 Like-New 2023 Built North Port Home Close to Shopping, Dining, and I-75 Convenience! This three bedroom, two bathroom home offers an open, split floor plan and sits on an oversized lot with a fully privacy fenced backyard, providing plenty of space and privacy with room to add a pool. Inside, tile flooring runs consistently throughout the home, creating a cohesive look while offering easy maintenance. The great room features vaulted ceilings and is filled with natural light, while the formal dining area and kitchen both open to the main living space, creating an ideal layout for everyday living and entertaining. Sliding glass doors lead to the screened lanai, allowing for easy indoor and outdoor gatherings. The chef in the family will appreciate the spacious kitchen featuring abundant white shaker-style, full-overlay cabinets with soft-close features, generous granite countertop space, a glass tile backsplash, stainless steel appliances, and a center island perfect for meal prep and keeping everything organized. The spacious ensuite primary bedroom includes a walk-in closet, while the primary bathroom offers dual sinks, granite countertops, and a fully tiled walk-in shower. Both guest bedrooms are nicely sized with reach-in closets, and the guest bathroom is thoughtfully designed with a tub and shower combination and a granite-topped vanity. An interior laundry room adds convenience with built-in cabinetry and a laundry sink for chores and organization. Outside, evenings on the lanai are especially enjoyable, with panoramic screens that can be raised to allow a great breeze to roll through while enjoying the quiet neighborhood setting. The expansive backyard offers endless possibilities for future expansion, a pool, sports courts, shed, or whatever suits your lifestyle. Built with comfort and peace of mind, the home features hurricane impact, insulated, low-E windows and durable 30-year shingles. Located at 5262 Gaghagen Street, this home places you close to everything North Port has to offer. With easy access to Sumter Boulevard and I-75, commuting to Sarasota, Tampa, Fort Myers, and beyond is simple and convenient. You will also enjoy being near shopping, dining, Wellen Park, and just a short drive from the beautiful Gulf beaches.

...

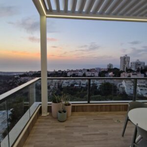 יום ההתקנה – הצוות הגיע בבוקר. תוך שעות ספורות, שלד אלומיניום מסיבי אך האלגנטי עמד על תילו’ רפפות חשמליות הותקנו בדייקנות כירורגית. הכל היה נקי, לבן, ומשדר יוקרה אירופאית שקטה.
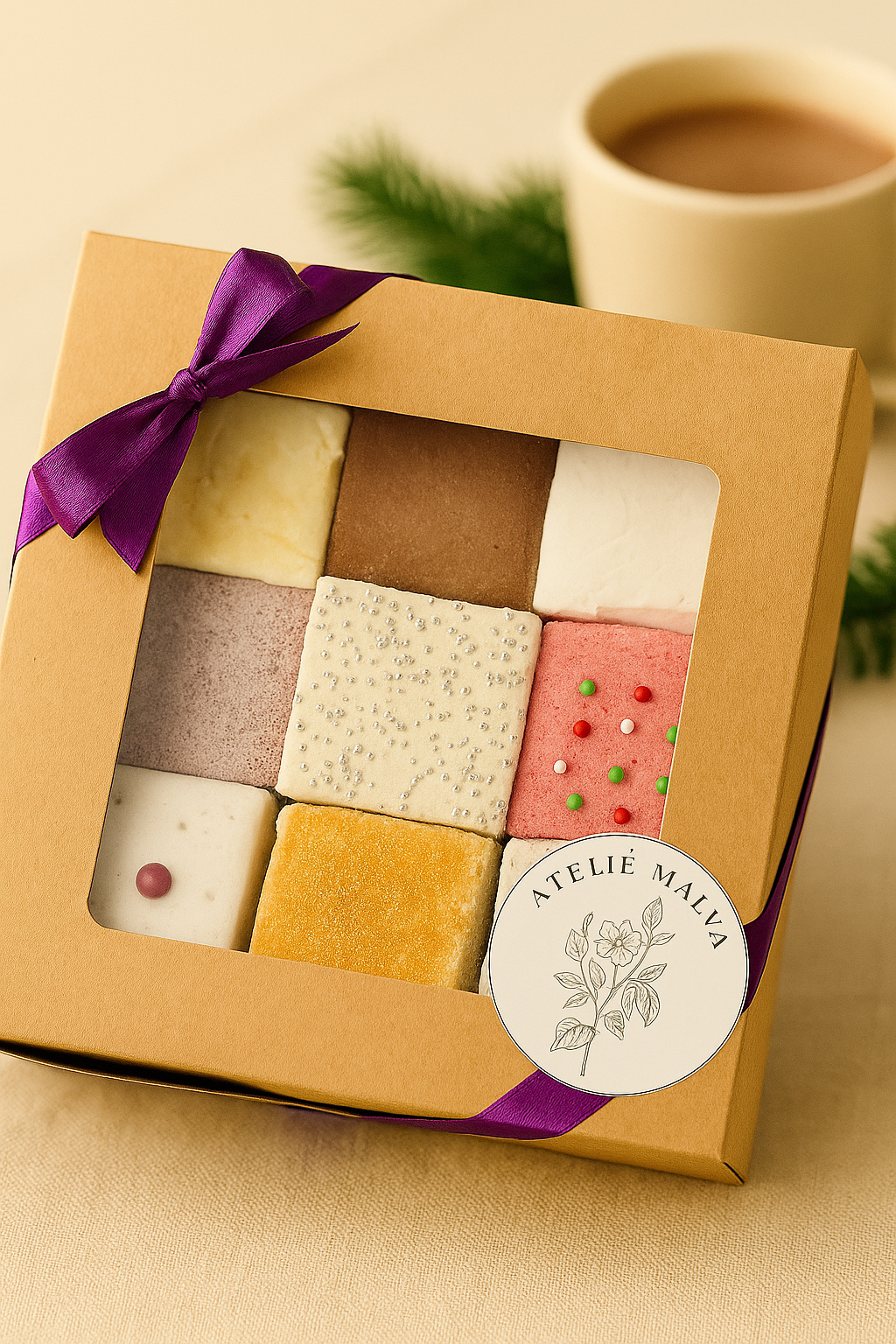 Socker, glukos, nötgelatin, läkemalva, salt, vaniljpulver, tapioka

▶ _PROMPT_
Everything from the line with "יום ההתקנה –" down to the line with "salt, vaniljpulver, tapioka" in the data above should be copied exactly, with both end lines kept and the pictures left out.

▶ _TASK SOLUTION_
 יום ההתקנה – הצוות הגיע בבוקר. תוך שעות ספורות, שלד אלומיניום מסיבי אך האלגנטי עמד על תילו’ רפפות חשמליות הותקנו בדייקנות כירורגית. הכל היה נקי, לבן, ומשדר יוקרה אירופאית שקטה.
 Socker, glukos, nötgelatin, läkemalva, salt, vaniljpulver, tapioka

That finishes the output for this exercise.